[Collected data]
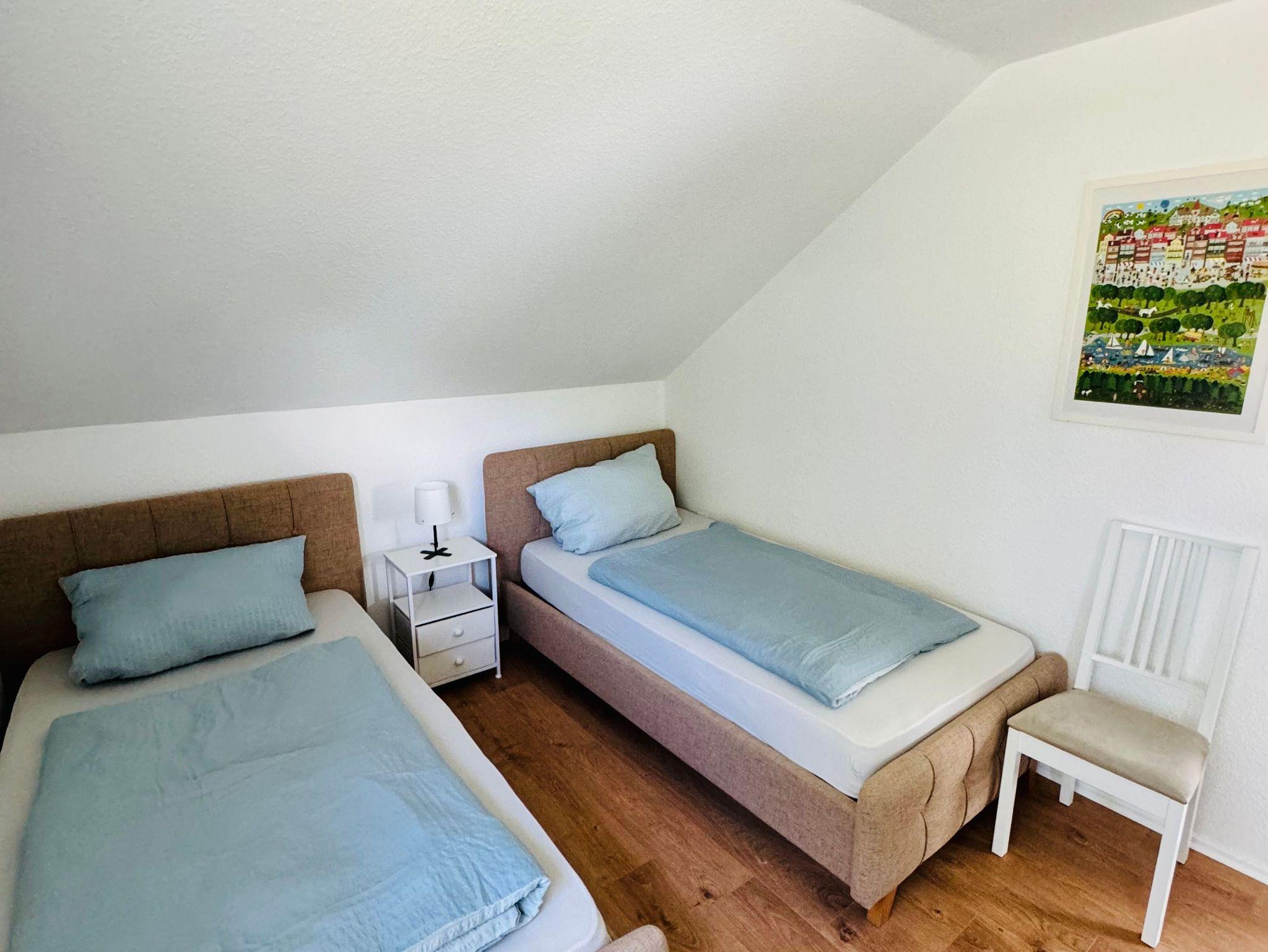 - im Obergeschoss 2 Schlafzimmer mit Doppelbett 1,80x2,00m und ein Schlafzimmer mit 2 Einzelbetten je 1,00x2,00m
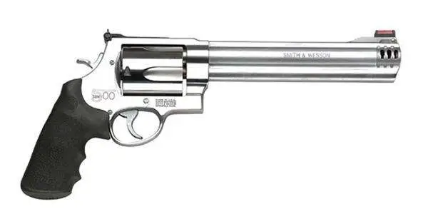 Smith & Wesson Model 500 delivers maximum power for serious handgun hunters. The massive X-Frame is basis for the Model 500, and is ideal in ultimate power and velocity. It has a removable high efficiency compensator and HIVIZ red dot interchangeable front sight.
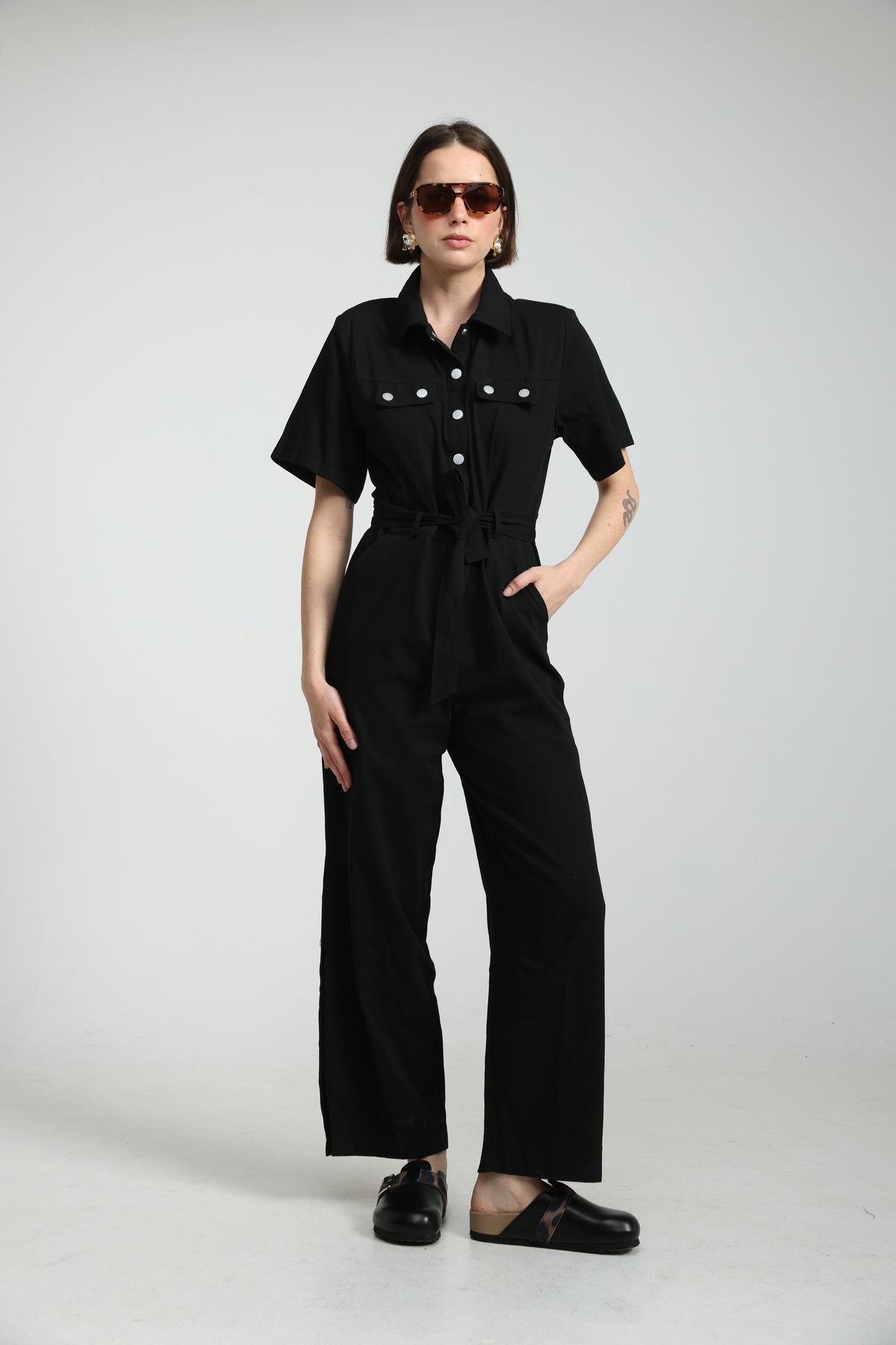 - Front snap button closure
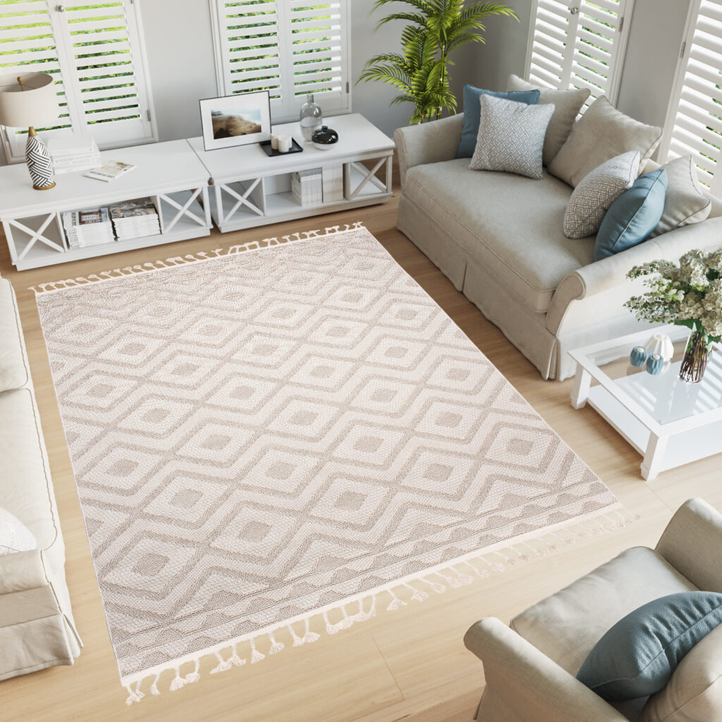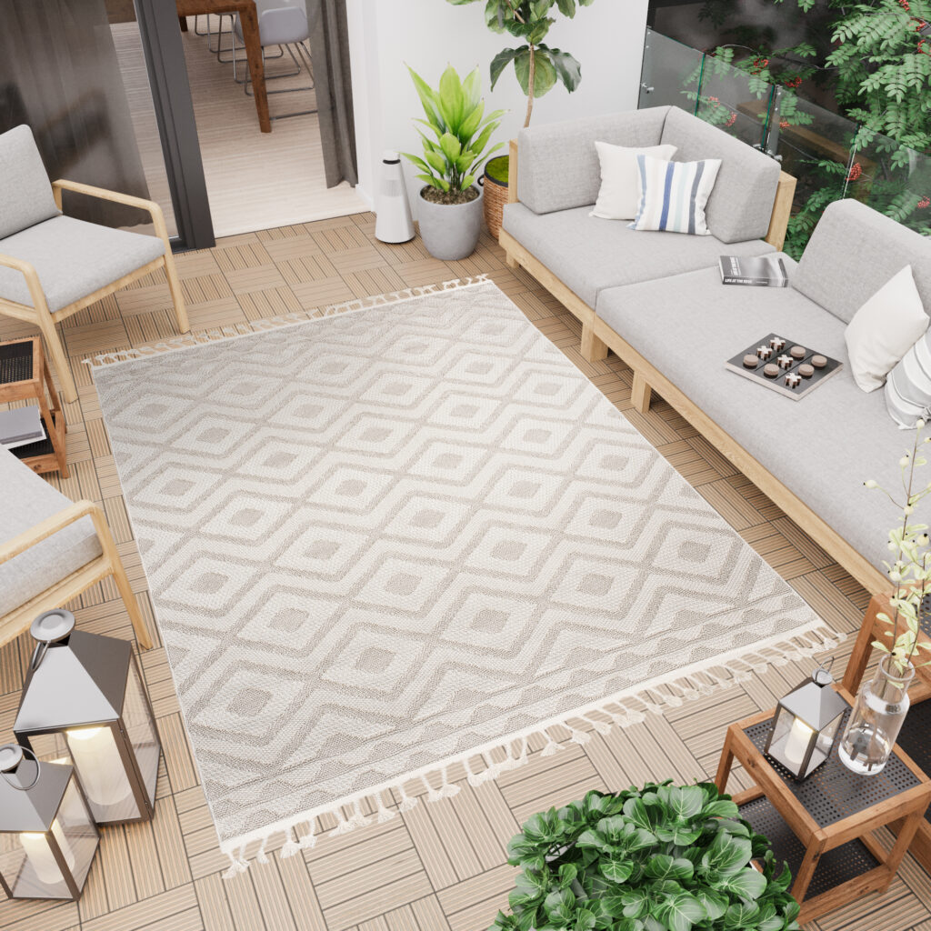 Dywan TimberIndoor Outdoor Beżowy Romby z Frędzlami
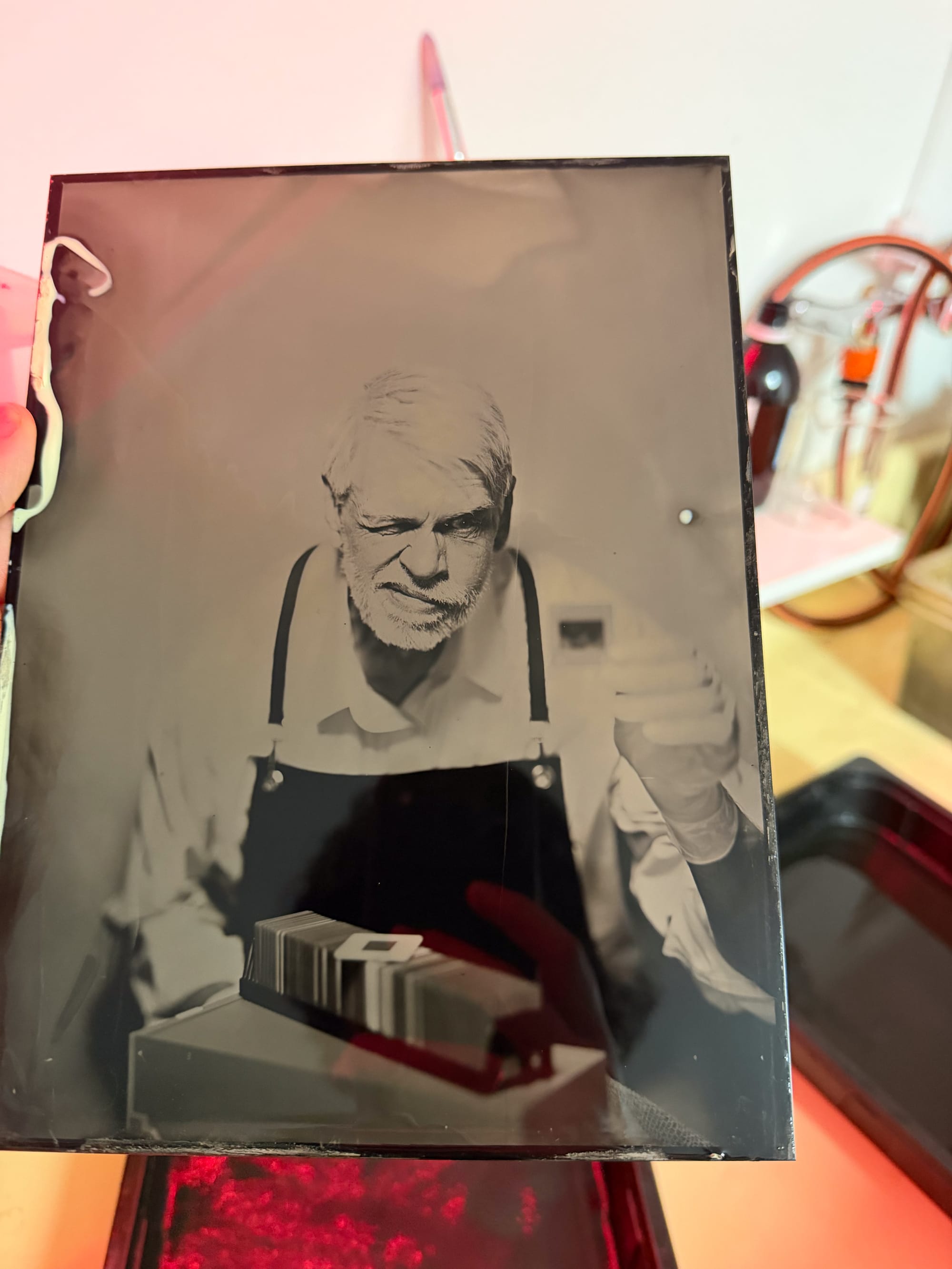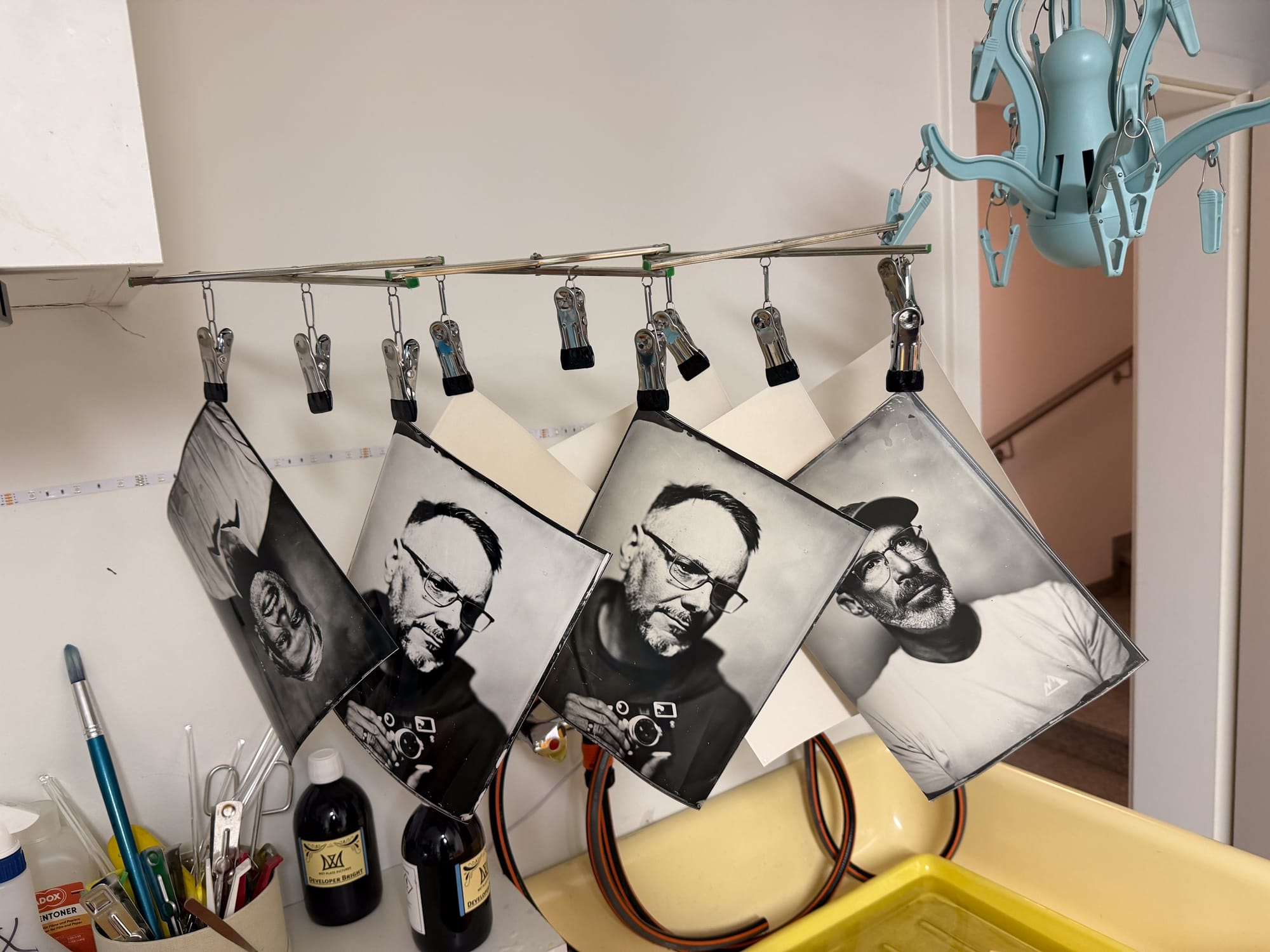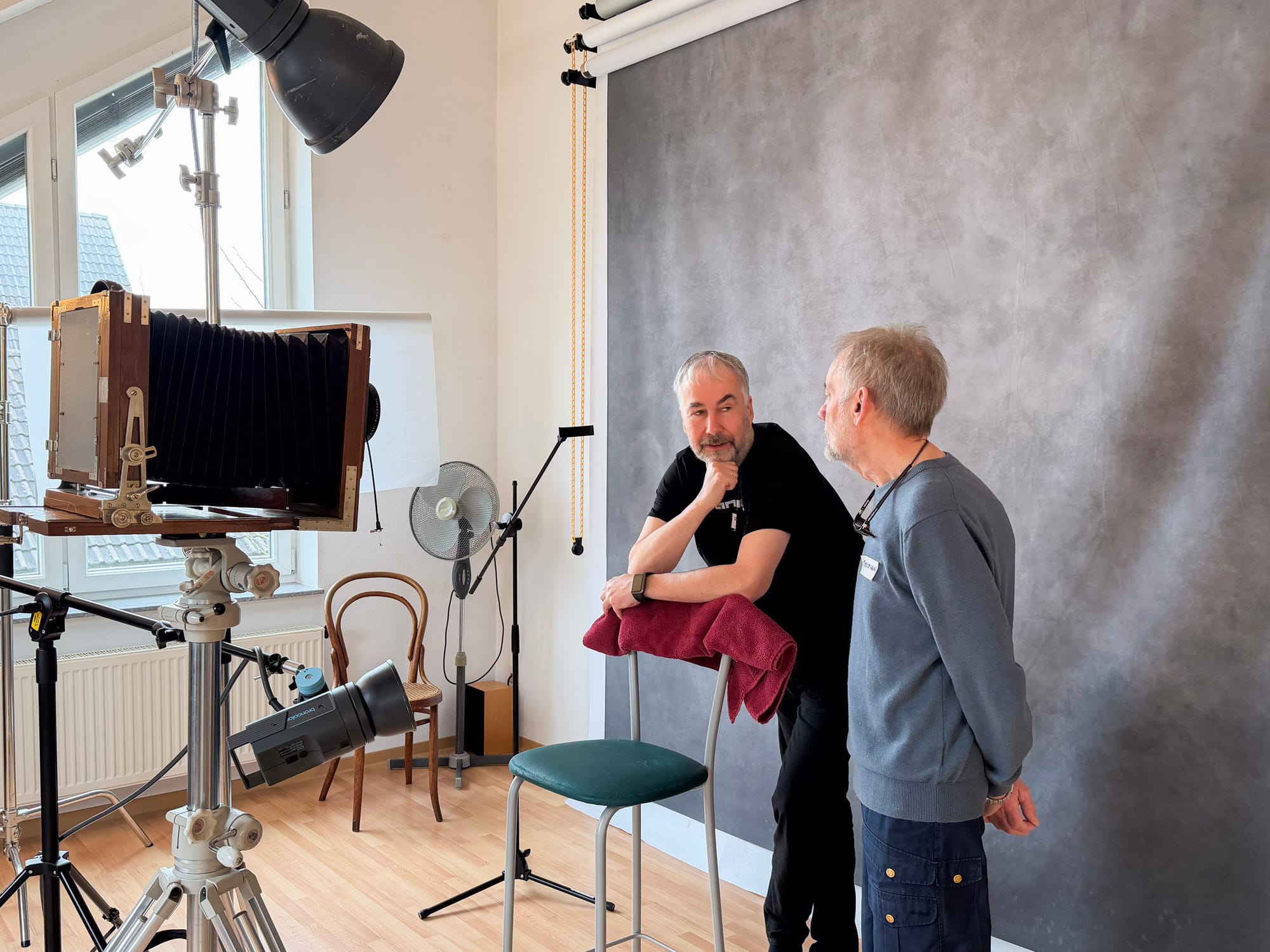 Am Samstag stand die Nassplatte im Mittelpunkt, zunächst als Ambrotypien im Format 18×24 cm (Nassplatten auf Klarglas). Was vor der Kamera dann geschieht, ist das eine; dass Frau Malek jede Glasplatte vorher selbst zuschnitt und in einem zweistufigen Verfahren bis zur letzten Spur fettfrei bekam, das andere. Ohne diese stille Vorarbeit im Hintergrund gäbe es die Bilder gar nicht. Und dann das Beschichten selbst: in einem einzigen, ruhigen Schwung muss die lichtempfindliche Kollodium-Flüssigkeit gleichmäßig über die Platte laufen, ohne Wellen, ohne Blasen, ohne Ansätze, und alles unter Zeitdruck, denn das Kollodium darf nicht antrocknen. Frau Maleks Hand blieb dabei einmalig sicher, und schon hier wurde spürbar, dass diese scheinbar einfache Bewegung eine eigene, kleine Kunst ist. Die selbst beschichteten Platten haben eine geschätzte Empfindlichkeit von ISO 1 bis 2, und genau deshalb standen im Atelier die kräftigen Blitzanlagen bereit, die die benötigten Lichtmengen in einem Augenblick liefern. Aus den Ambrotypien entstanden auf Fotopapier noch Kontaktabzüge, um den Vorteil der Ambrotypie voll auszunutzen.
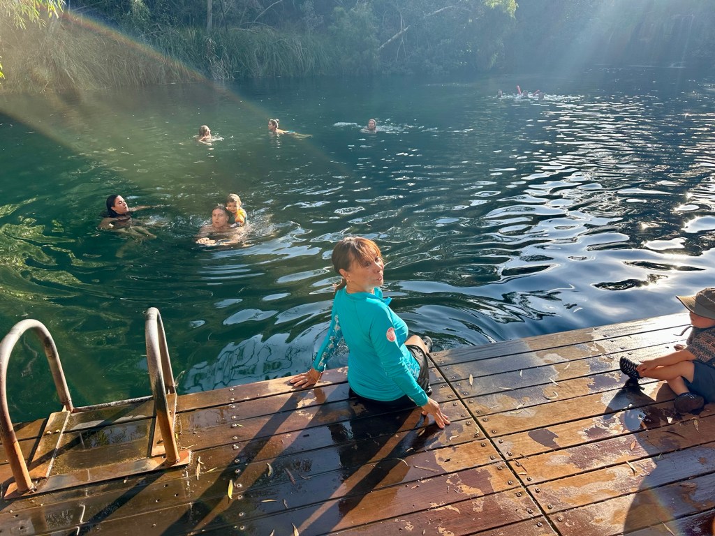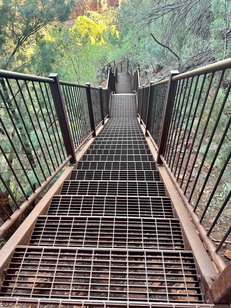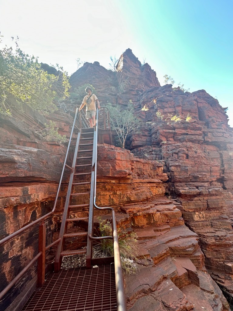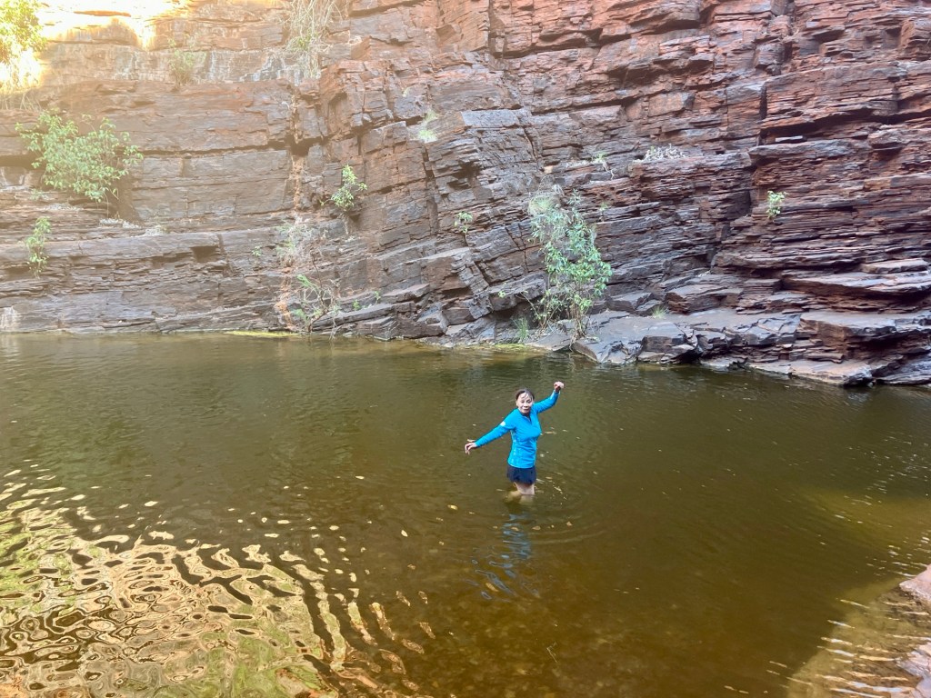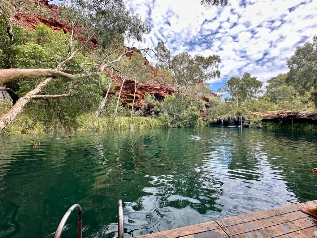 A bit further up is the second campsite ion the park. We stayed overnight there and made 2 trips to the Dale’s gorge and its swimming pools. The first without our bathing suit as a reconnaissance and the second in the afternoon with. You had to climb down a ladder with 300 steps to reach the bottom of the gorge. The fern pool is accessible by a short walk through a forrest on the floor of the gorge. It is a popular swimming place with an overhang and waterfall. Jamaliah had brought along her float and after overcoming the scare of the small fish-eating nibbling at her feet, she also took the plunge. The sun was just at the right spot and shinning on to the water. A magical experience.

### WHAT IS NEEDED
Exactly the lines from the one holding "- Front snap button closure" through the last line of the entries must be set down, with nothing added and no pictures.

### SOLUTION TO THIS TASK
 - Front snap button closure
 Dywan TimberIndoor Outdoor Beżowy Romby z Frędzlami
 Am Samstag stand die Nassplatte im Mittelpunkt, zunächst als Ambrotypien im Format 18×24 cm (Nassplatten auf Klarglas). Was vor der Kamera dann geschieht, ist das eine; dass Frau Malek jede Glasplatte vorher selbst zuschnitt und in einem zweistufigen Verfahren bis zur letzten Spur fettfrei bekam, das andere. Ohne diese stille Vorarbeit im Hintergrund gäbe es die Bilder gar nicht. Und dann das Beschichten selbst: in einem einzigen, ruhigen Schwung muss die lichtempfindliche Kollodium-Flüssigkeit gleichmäßig über die Platte laufen, ohne Wellen, ohne Blasen, ohne Ansätze, und alles unter Zeitdruck, denn das Kollodium darf nicht antrocknen. Frau Maleks Hand blieb dabei einmalig sicher, und schon hier wurde spürbar, dass diese scheinbar einfache Bewegung eine eigene, kleine Kunst ist. Die selbst beschichteten Platten haben eine geschätzte Empfindlichkeit von ISO 1 bis 2, und genau deshalb standen im Atelier die kräftigen Blitzanlagen bereit, die die benötigten Lichtmengen in einem Augenblick liefern. Aus den Ambrotypien entstanden auf Fotopapier noch Kontaktabzüge, um den Vorteil der Ambrotypie voll auszunutzen.
 A bit further up is the second campsite ion the park. We stayed overnight there and made 2 trips to the Dale’s gorge and its swimming pools. The first without our bathing suit as a reconnaissance and the second in the afternoon with. You had to climb down a ladder with 300 steps to reach the bottom of the gorge. The fern pool is accessible by a short walk through a forrest on the floor of the gorge. It is a popular swimming place with an overhang and waterfall. Jamaliah had brought along her float and after overcoming the scare of the small fish-eating nibbling at her feet, she also took the plunge. The sun was just at the right spot and shinning on to the water. A magical experience.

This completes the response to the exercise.